EXERCISE PROMPT
Although the listing below holds pictures, reproduce only its lines from the one containing "With cobalt blue" through the last, exactly and without them.

====================

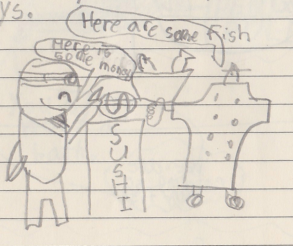 We saw an ad for an iPhone, and we decided we really wanted one. But Harold had run out of money since we spent it all. Then Steve got an idea. We went fishing again and sold our fish to the sushi restaurant. We should have the money to buy an iPhone in a few days.
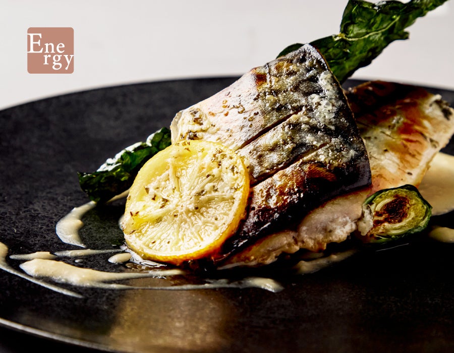 ローズマリーなどの香草と塩麹でサバを漬け込みオーブングリルで皮面をパリッと仕上げ、さっぱりとしたクリームソースを合わせました。
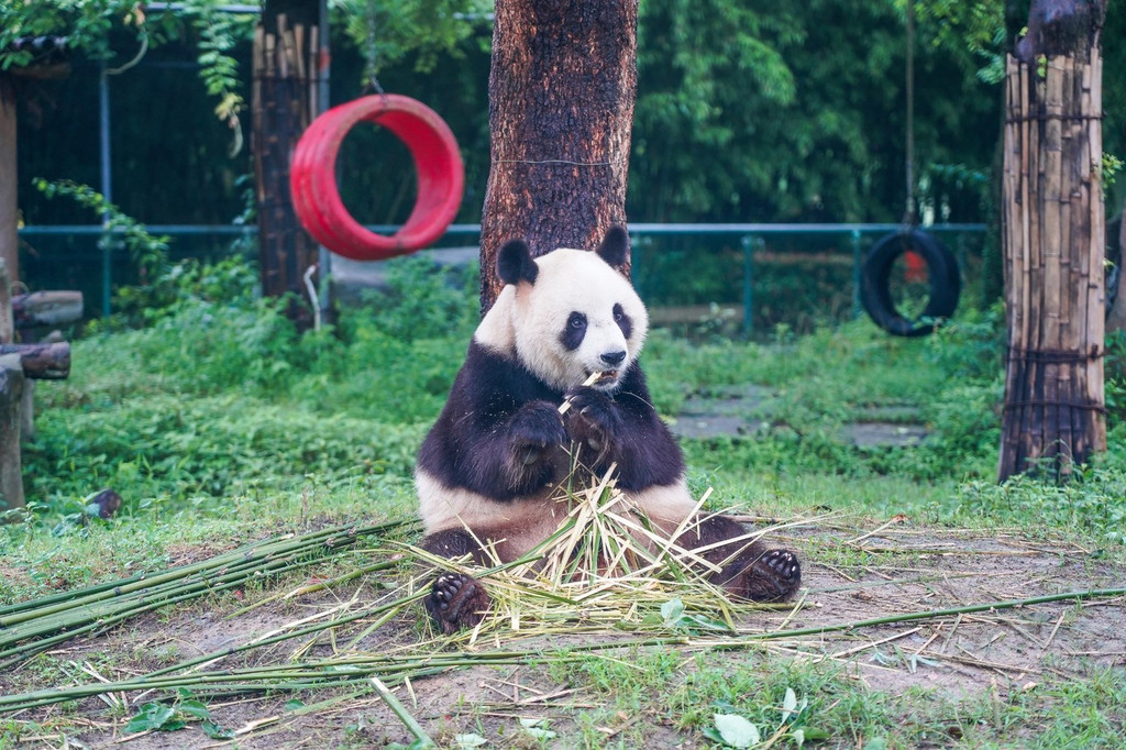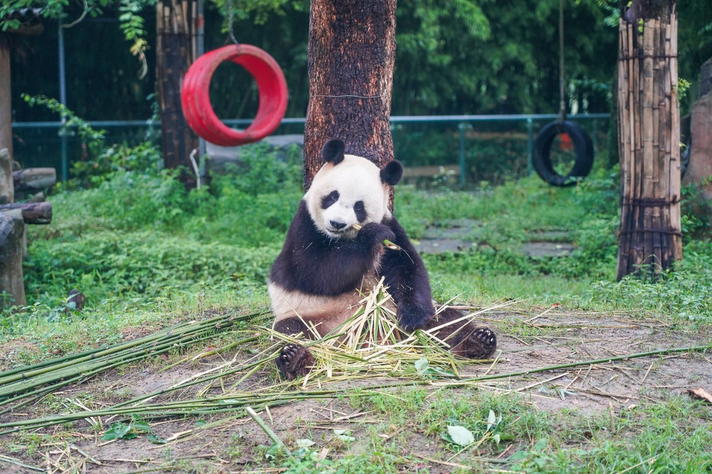 大熊猫是咱们 中国 的国宝,在每个动物园自然都是最抢眼的,它们拥有自己的“粉丝大军”,集万千宠爱于一身。把它们最爱的“小食”——竹笋远远的抛过去,它慢悠悠的寻味而来,不急不徐的坐下,开始享受美味咯
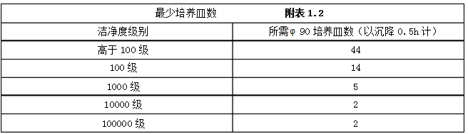沉降菌測定時,培養(yǎng)皿應(yīng)布置在有代表性的地點和氣流擾動極小的地點,培養(yǎng)皿數(shù)可與按附表1.1確定的采樣點數(shù)相同,但培養(yǎng)皿**少數(shù)量應(yīng)滿足附表1.2的規(guī)定。 #p#分頁標(biāo)題#e#
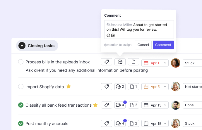 Organize your tasks beyond just the month-end close. Create multiple non-closing task sections for things like payroll, tax items, or administrative work. Create schedules to populate these assignments for your team (i.e. “Run payroll every two weeks on Tuesday.”)
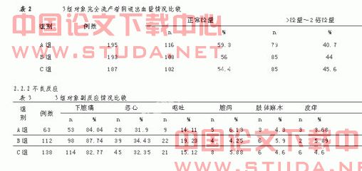 3组完全流产者,孕囊排出后阴道出血持续天数分别为A组(9.2±2.8)d,B组(9.5±2.9)d,C(12.8±3.2)d,C组与A、B组比较差异有统计学意义(P<0.01),A、B两组间差异无统计学意义(P>0.05)。阴道出血量见表2。
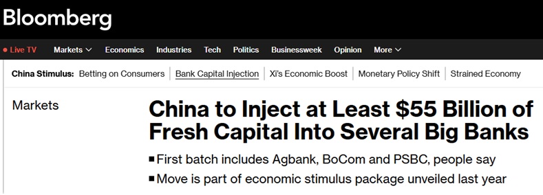 据彭博社去年报道,中国总计可能向其最大的几家银行注入高达人民币1万亿元的资本,资金主要来自发行新的特别主权债务。
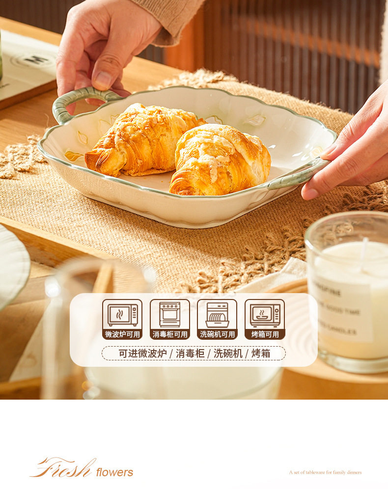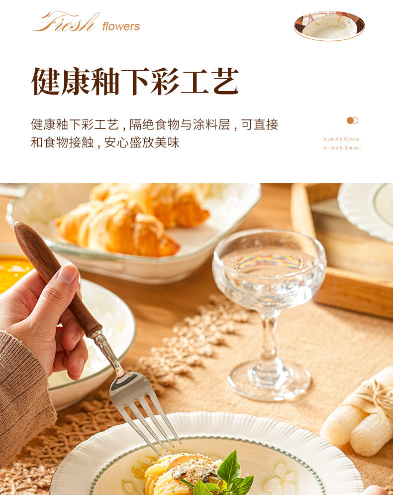 New Gold Leaf Underglaze Color Tableware Binaural Fish Plate Simple Ins Style Household Wear Easy Cleaning Heat Insulation Anti-scalding
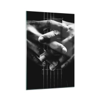 Glasbild - Bild auf glas - Hände auf einer Gitarre in einem monochromen Ton gefaltet - 80x120cm - Gebet des Künstlers - Moderne Wanddekoration für Wohnzimmer und Schlafzimmer ARTTOR
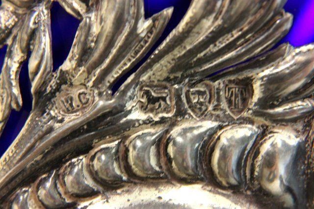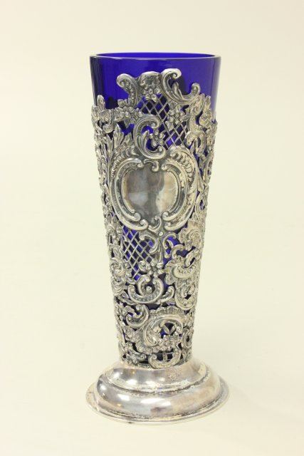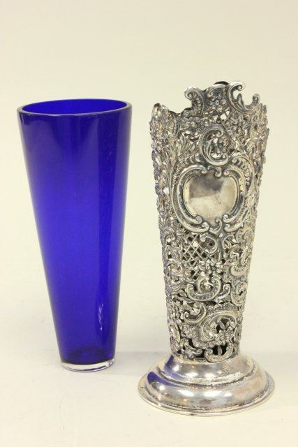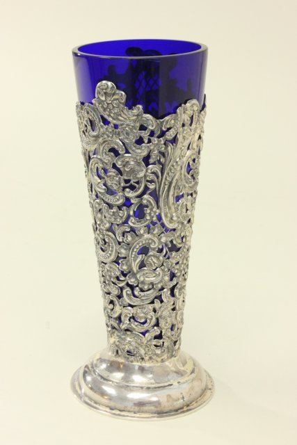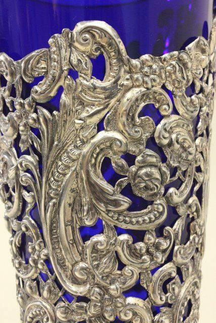 With cobalt blue insert. Decorated with flowers. Approx. 11 ozt. Approx. 10 1/4" H.
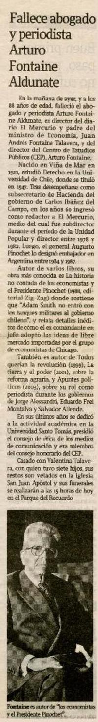 Fallece abogado y periodista Arturo Fontaine Aldunate [artículo]. La Tercera (Diario : Santiago, Chile)-- mayo 18, 2010, p. 9. .
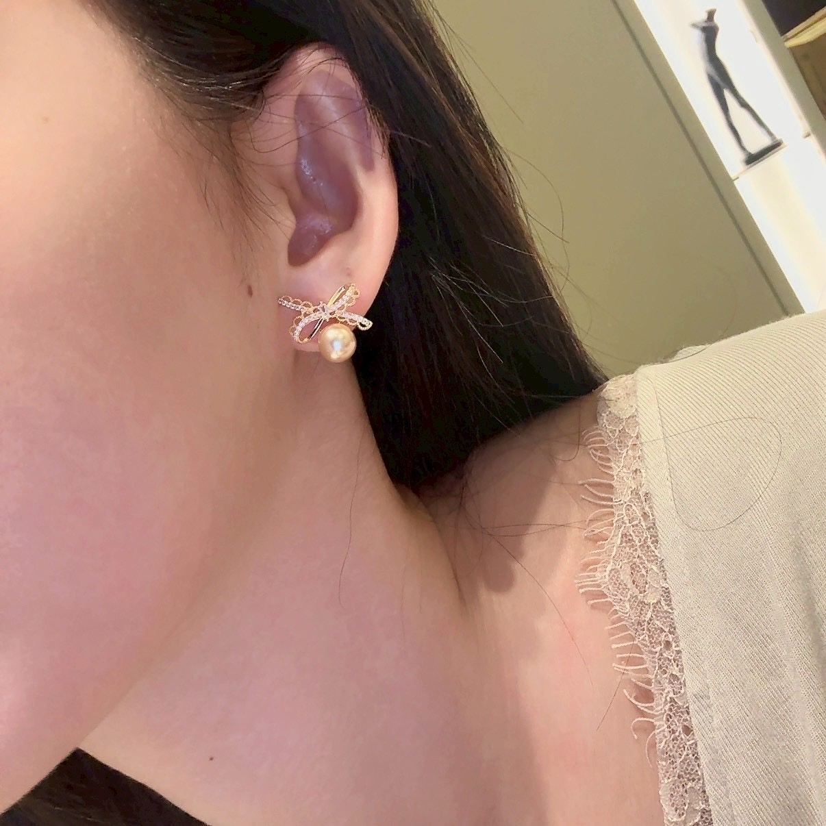 蝴蝶結做了蕾絲鏤空包邊

====================

REPLY TO THE EXERCISE
 With cobalt blue insert. Decorated with flowers. Approx. 11 ozt. Approx. 10 1/4" H.
 Fallece abogado y periodista Arturo Fontaine Aldunate [artículo]. La Tercera (Diario : Santiago, Chile)-- mayo 18, 2010, p. 9. .
 蝴蝶結做了蕾絲鏤空包邊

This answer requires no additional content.